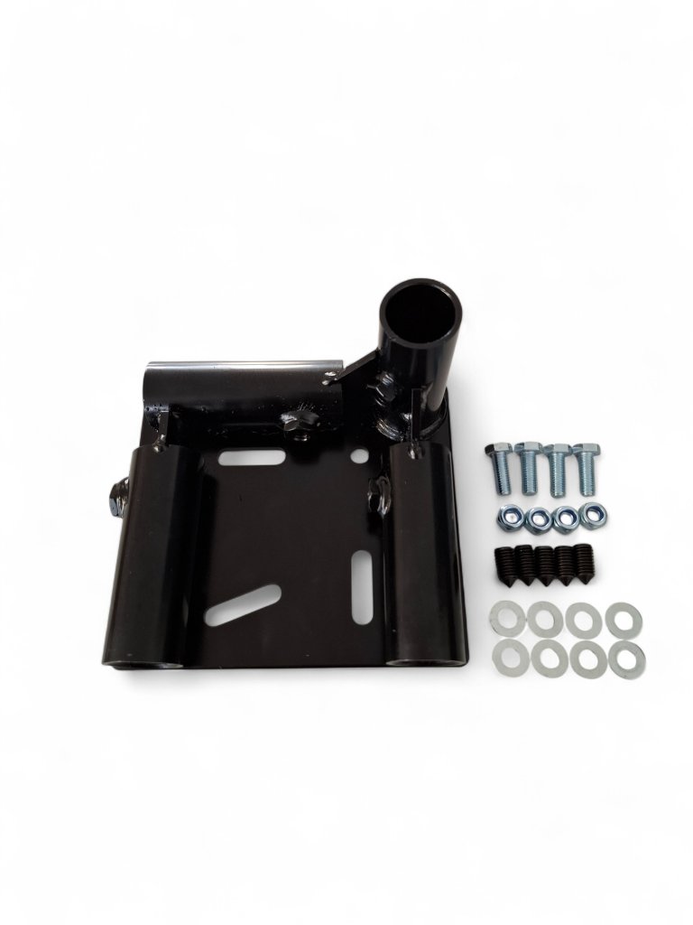 Rogowy uchwyt łączący rury z otworami do mocowania kółek z płytą. Kolor czarny.
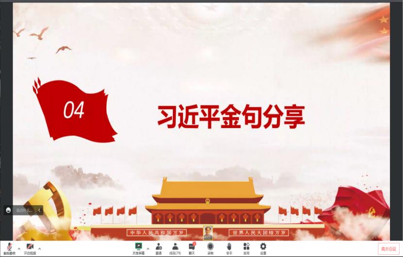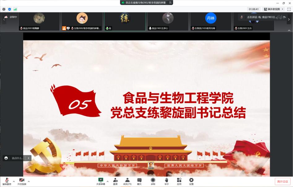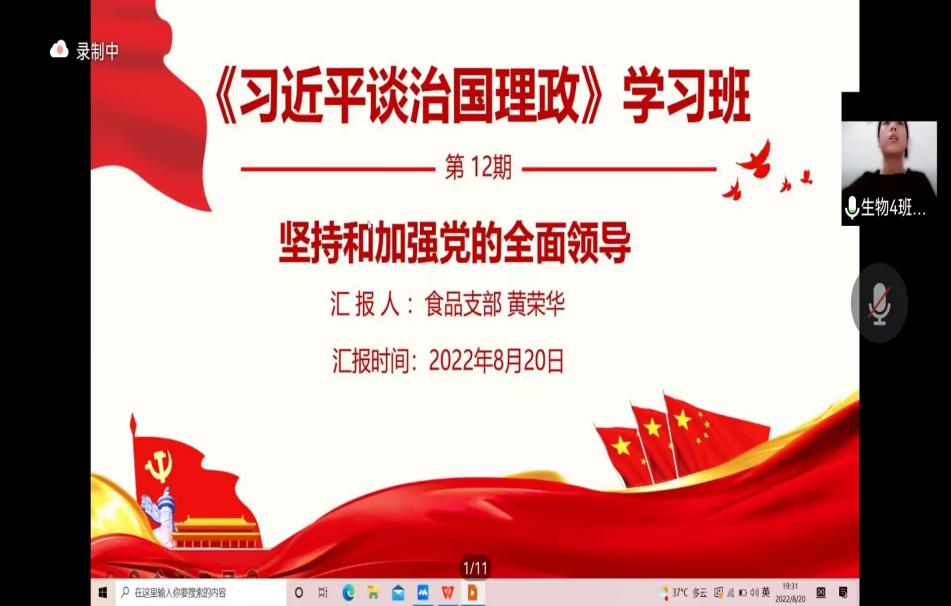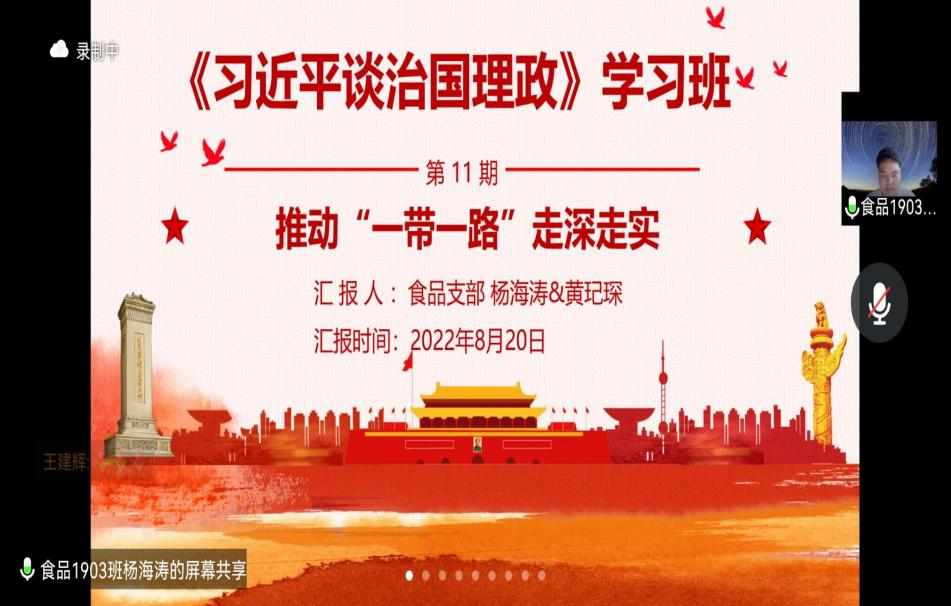 2022年8月20日,威廉体育williamhill食品与生物工程学院食品本科生党支部在腾讯会议举办《习近平谈治国理政》读书班第六次读书分享会。食品学院党总支书记王建辉、党总支副书记练黎旋、学工办老师胡佳佳等师生近100余人参加此次活动。
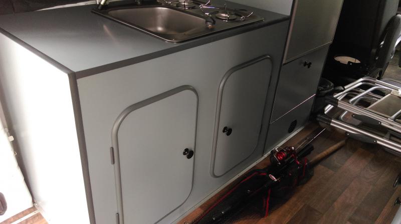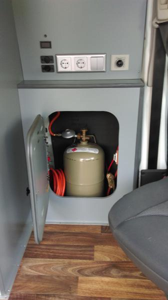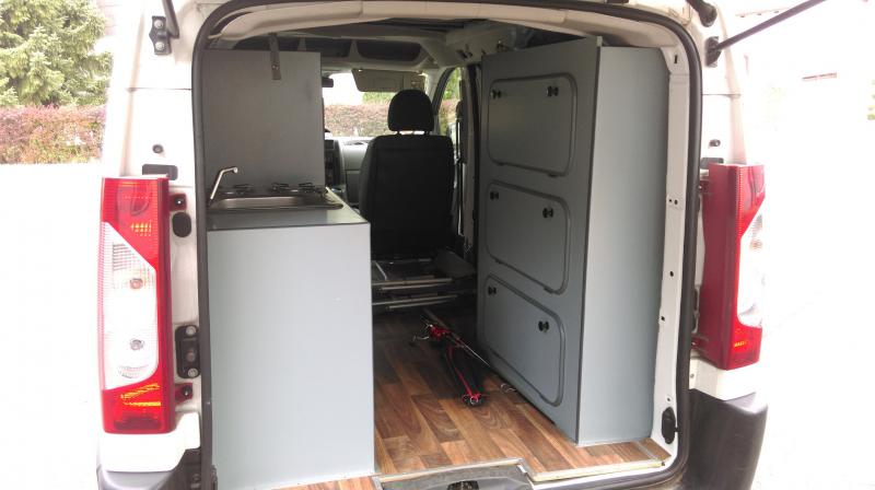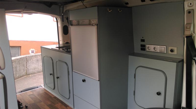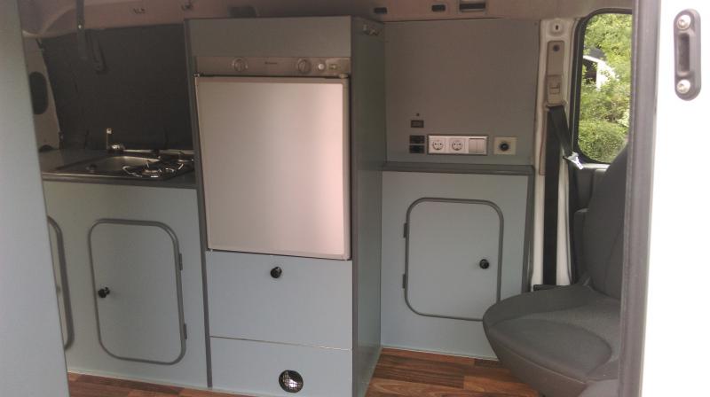 - Fahrzeug vor Ausbau vollisoliert mit Extreme-Isolator - stabiler Sortimo-Boden als Grundlage - Spüle mit elektrischem Wasserhahn (2x10l Tanks Frisch-/Abwasser) - 2-Flammengaskocher Dometic - 60l Kühlschrank Dometic mit Eisfach, Betrieb wahlweise mit 12V, 230V und Gas - 2,4kw Gasheizung Truma E2400 über Thermostat und mit Funkfernbedienung - Gasanschluss für Gasgrill - vorschriftsgemäßer Gaskasten für 5kg Gasflasche - Außensteckdose mit CE Anschluss für 230 V + Zusatzsteckdose normal - Fahrer- und Beifahrersitz mit Drehsitzkonsolen (180°) von ZOOOM - Aufstelldach Fa. ZOOOM in Wagenfarbe mit Bettfunktion Aus GfK mit frontseitigem Anschlag und verdeckter Anlenkung, lackiert in Wagenfarbe. In der Frontnase ca. 100 l zusätzlicher Stauraum z.B. für Bettzeug. Bett mit Lattenrost, Schlaffläche 1,35 × 2,20 m. Leiter zum Aufsteigen ins Dach. Matratzenstärke 6 cm, Bezüge abnehmbar aus Mischgewebe, Spannbetttücher. Volle Stehhöhe im Fahrzeuginneren Zeltbalg mit zwei Lüftungsfenstern mit Moskitonetzen zum Öffnen. Vollisolierung des Aufstelldachs inkl. Seitenwände bei ZOOOM erhältlich Zugelassene Dachlast: 50kg liegend

§ WHAT THIS TASK INVOLVES
Return the listing unchanged except for the pictures, which should be dropped.

§ RESULT OF THIS EXERCISE
 Rogowy uchwyt łączący rury z otworami do mocowania kółek z płytą. Kolor czarny.
 2022年8月20日,威廉体育williamhill食品与生物工程学院食品本科生党支部在腾讯会议举办《习近平谈治国理政》读书班第六次读书分享会。食品学院党总支书记王建辉、党总支副书记练黎旋、学工办老师胡佳佳等师生近100余人参加此次活动。
 - Fahrzeug vor Ausbau vollisoliert mit Extreme-Isolator - stabiler Sortimo-Boden als Grundlage - Spüle mit elektrischem Wasserhahn (2x10l Tanks Frisch-/Abwasser) - 2-Flammengaskocher Dometic - 60l Kühlschrank Dometic mit Eisfach, Betrieb wahlweise mit 12V, 230V und Gas - 2,4kw Gasheizung Truma E2400 über Thermostat und mit Funkfernbedienung - Gasanschluss für Gasgrill - vorschriftsgemäßer Gaskasten für 5kg Gasflasche - Außensteckdose mit CE Anschluss für 230 V + Zusatzsteckdose normal - Fahrer- und Beifahrersitz mit Drehsitzkonsolen (180°) von ZOOOM - Aufstelldach Fa. ZOOOM in Wagenfarbe mit Bettfunktion Aus GfK mit frontseitigem Anschlag und verdeckter Anlenkung, lackiert in Wagenfarbe. In der Frontnase ca. 100 l zusätzlicher Stauraum z.B. für Bettzeug. Bett mit Lattenrost, Schlaffläche 1,35 × 2,20 m. Leiter zum Aufsteigen ins Dach. Matratzenstärke 6 cm, Bezüge abnehmbar aus Mischgewebe, Spannbetttücher. Volle Stehhöhe im Fahrzeuginneren Zeltbalg mit zwei Lüftungsfenstern mit Moskitonetzen zum Öffnen. Vollisolierung des Aufstelldachs inkl. Seitenwände bei ZOOOM erhältlich Zugelassene Dachlast: 50kg liegend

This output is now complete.